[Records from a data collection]
===============

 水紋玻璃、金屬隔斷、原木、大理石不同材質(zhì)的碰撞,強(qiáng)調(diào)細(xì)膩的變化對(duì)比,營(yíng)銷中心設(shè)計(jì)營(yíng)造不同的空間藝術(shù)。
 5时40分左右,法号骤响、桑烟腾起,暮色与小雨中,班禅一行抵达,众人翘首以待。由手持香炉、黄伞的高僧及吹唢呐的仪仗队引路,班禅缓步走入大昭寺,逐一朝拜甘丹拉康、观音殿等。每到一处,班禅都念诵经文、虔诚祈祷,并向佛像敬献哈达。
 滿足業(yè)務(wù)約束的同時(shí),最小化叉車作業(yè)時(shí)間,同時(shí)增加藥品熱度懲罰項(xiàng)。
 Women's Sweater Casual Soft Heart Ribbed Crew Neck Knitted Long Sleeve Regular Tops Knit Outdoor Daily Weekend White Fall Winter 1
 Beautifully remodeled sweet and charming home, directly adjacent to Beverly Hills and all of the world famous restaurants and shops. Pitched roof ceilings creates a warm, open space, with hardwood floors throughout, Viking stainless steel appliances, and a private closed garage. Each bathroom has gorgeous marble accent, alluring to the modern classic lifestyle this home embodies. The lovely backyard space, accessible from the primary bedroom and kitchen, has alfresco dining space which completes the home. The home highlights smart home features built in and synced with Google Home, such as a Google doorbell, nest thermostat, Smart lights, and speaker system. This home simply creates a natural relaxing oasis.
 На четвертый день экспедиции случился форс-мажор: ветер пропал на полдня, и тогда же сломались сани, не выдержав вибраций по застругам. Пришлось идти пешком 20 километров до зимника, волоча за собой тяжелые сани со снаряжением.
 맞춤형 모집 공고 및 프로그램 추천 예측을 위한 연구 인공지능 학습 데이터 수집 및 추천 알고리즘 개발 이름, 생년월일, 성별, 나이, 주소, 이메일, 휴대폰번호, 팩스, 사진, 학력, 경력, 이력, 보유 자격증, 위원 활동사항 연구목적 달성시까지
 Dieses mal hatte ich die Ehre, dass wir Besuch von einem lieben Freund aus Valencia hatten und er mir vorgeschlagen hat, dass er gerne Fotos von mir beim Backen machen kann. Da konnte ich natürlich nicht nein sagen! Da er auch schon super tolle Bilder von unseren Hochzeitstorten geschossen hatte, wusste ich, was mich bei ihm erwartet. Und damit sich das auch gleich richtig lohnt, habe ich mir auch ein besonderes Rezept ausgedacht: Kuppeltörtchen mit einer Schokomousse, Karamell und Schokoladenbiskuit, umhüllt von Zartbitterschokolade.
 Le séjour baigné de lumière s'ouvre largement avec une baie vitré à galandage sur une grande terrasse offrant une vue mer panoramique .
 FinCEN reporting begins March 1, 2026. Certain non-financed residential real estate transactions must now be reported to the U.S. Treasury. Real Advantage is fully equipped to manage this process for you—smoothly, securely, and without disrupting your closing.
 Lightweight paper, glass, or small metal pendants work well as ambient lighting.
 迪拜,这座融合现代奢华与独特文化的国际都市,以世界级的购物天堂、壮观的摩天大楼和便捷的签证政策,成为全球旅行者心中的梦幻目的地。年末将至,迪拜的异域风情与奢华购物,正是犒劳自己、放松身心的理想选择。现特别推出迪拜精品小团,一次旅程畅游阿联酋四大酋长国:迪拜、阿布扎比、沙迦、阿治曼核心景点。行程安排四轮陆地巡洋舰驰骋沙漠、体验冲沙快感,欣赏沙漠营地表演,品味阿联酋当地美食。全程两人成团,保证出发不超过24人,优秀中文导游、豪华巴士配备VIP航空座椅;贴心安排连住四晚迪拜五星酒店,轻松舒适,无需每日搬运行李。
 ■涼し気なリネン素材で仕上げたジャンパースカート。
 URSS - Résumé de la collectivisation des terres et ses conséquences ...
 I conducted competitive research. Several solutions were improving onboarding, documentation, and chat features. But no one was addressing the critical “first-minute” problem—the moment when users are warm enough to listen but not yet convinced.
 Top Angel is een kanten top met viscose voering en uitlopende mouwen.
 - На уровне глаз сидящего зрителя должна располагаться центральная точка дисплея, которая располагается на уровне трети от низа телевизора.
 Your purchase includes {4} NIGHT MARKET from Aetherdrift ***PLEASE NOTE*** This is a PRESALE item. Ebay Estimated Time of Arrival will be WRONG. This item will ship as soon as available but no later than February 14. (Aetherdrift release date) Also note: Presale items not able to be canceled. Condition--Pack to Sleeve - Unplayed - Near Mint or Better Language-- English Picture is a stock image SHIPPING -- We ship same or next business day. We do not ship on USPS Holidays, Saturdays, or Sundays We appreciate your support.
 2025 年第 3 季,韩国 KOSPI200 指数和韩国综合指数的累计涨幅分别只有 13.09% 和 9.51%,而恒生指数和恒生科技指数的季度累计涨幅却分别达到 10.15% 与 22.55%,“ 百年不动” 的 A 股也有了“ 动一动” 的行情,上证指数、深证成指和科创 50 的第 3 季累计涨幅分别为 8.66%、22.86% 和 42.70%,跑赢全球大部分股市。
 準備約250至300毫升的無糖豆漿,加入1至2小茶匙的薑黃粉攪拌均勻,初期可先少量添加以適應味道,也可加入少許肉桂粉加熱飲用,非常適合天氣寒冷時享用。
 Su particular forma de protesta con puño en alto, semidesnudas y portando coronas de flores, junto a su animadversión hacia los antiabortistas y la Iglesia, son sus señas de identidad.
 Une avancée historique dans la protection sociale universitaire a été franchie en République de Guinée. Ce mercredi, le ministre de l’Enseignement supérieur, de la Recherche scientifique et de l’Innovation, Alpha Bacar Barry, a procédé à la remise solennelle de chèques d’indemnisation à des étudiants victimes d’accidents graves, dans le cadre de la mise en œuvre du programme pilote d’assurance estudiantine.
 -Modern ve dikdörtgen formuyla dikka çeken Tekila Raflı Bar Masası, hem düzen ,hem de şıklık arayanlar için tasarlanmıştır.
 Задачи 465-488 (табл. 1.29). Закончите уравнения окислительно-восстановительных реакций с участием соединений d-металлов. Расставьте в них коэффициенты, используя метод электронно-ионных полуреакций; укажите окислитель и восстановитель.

===============

# Work order
Each line above needs to be repeated exactly, with nothing omitted.

# Task answer
 水紋玻璃、金屬隔斷、原木、大理石不同材質(zhì)的碰撞,強(qiáng)調(diào)細(xì)膩的變化對(duì)比,營(yíng)銷中心設(shè)計(jì)營(yíng)造不同的空間藝術(shù)。
 5时40分左右,法号骤响、桑烟腾起,暮色与小雨中,班禅一行抵达,众人翘首以待。由手持香炉、黄伞的高僧及吹唢呐的仪仗队引路,班禅缓步走入大昭寺,逐一朝拜甘丹拉康、观音殿等。每到一处,班禅都念诵经文、虔诚祈祷,并向佛像敬献哈达。
 滿足業(yè)務(wù)約束的同時(shí),最小化叉車作業(yè)時(shí)間,同時(shí)增加藥品熱度懲罰項(xiàng)。
 Women's Sweater Casual Soft Heart Ribbed Crew Neck Knitted Long Sleeve Regular Tops Knit Outdoor Daily Weekend White Fall Winter 1
 Beautifully remodeled sweet and charming home, directly adjacent to Beverly Hills and all of the world famous restaurants and shops. Pitched roof ceilings creates a warm, open space, with hardwood floors throughout, Viking stainless steel appliances, and a private closed garage. Each bathroom has gorgeous marble accent, alluring to the modern classic lifestyle this home embodies. The lovely backyard space, accessible from the primary bedroom and kitchen, has alfresco dining space which completes the home. The home highlights smart home features built in and synced with Google Home, such as a Google doorbell, nest thermostat, Smart lights, and speaker system. This home simply creates a natural relaxing oasis.
 На четвертый день экспедиции случился форс-мажор: ветер пропал на полдня, и тогда же сломались сани, не выдержав вибраций по застругам. Пришлось идти пешком 20 километров до зимника, волоча за собой тяжелые сани со снаряжением.
 맞춤형 모집 공고 및 프로그램 추천 예측을 위한 연구 인공지능 학습 데이터 수집 및 추천 알고리즘 개발 이름, 생년월일, 성별, 나이, 주소, 이메일, 휴대폰번호, 팩스, 사진, 학력, 경력, 이력, 보유 자격증, 위원 활동사항 연구목적 달성시까지
 Dieses mal hatte ich die Ehre, dass wir Besuch von einem lieben Freund aus Valencia hatten und er mir vorgeschlagen hat, dass er gerne Fotos von mir beim Backen machen kann. Da konnte ich natürlich nicht nein sagen! Da er auch schon super tolle Bilder von unseren Hochzeitstorten geschossen hatte, wusste ich, was mich bei ihm erwartet. Und damit sich das auch gleich richtig lohnt, habe ich mir auch ein besonderes Rezept ausgedacht: Kuppeltörtchen mit einer Schokomousse, Karamell und Schokoladenbiskuit, umhüllt von Zartbitterschokolade.
 Le séjour baigné de lumière s'ouvre largement avec une baie vitré à galandage sur une grande terrasse offrant une vue mer panoramique .
 FinCEN reporting begins March 1, 2026. Certain non-financed residential real estate transactions must now be reported to the U.S. Treasury. Real Advantage is fully equipped to manage this process for you—smoothly, securely, and without disrupting your closing.
 Lightweight paper, glass, or small metal pendants work well as ambient lighting.
 迪拜,这座融合现代奢华与独特文化的国际都市,以世界级的购物天堂、壮观的摩天大楼和便捷的签证政策,成为全球旅行者心中的梦幻目的地。年末将至,迪拜的异域风情与奢华购物,正是犒劳自己、放松身心的理想选择。现特别推出迪拜精品小团,一次旅程畅游阿联酋四大酋长国:迪拜、阿布扎比、沙迦、阿治曼核心景点。行程安排四轮陆地巡洋舰驰骋沙漠、体验冲沙快感,欣赏沙漠营地表演,品味阿联酋当地美食。全程两人成团,保证出发不超过24人,优秀中文导游、豪华巴士配备VIP航空座椅;贴心安排连住四晚迪拜五星酒店,轻松舒适,无需每日搬运行李。
 ■涼し気なリネン素材で仕上げたジャンパースカート。
 URSS - Résumé de la collectivisation des terres et ses conséquences ...
 I conducted competitive research. Several solutions were improving onboarding, documentation, and chat features. But no one was addressing the critical “first-minute” problem—the moment when users are warm enough to listen but not yet convinced.
 Top Angel is een kanten top met viscose voering en uitlopende mouwen.
 - На уровне глаз сидящего зрителя должна располагаться центральная точка дисплея, которая располагается на уровне трети от низа телевизора.
 Your purchase includes {4} NIGHT MARKET from Aetherdrift ***PLEASE NOTE*** This is a PRESALE item. Ebay Estimated Time of Arrival will be WRONG. This item will ship as soon as available but no later than February 14. (Aetherdrift release date) Also note: Presale items not able to be canceled. Condition--Pack to Sleeve - Unplayed - Near Mint or Better Language-- English Picture is a stock image SHIPPING -- We ship same or next business day. We do not ship on USPS Holidays, Saturdays, or Sundays We appreciate your support.
 2025 年第 3 季,韩国 KOSPI200 指数和韩国综合指数的累计涨幅分别只有 13.09% 和 9.51%,而恒生指数和恒生科技指数的季度累计涨幅却分别达到 10.15% 与 22.55%,“ 百年不动” 的 A 股也有了“ 动一动” 的行情,上证指数、深证成指和科创 50 的第 3 季累计涨幅分别为 8.66%、22.86% 和 42.70%,跑赢全球大部分股市。
 準備約250至300毫升的無糖豆漿,加入1至2小茶匙的薑黃粉攪拌均勻,初期可先少量添加以適應味道,也可加入少許肉桂粉加熱飲用,非常適合天氣寒冷時享用。
 Su particular forma de protesta con puño en alto, semidesnudas y portando coronas de flores, junto a su animadversión hacia los antiabortistas y la Iglesia, son sus señas de identidad.
 Une avancée historique dans la protection sociale universitaire a été franchie en République de Guinée. Ce mercredi, le ministre de l’Enseignement supérieur, de la Recherche scientifique et de l’Innovation, Alpha Bacar Barry, a procédé à la remise solennelle de chèques d’indemnisation à des étudiants victimes d’accidents graves, dans le cadre de la mise en œuvre du programme pilote d’assurance estudiantine.
 -Modern ve dikdörtgen formuyla dikka çeken Tekila Raflı Bar Masası, hem düzen ,hem de şıklık arayanlar için tasarlanmıştır.
 Задачи 465-488 (табл. 1.29). Закончите уравнения окислительно-восстановительных реакций с участием соединений d-металлов. Расставьте в них коэффициенты, используя метод электронно-ионных полуреакций; укажите окислитель и восстановитель.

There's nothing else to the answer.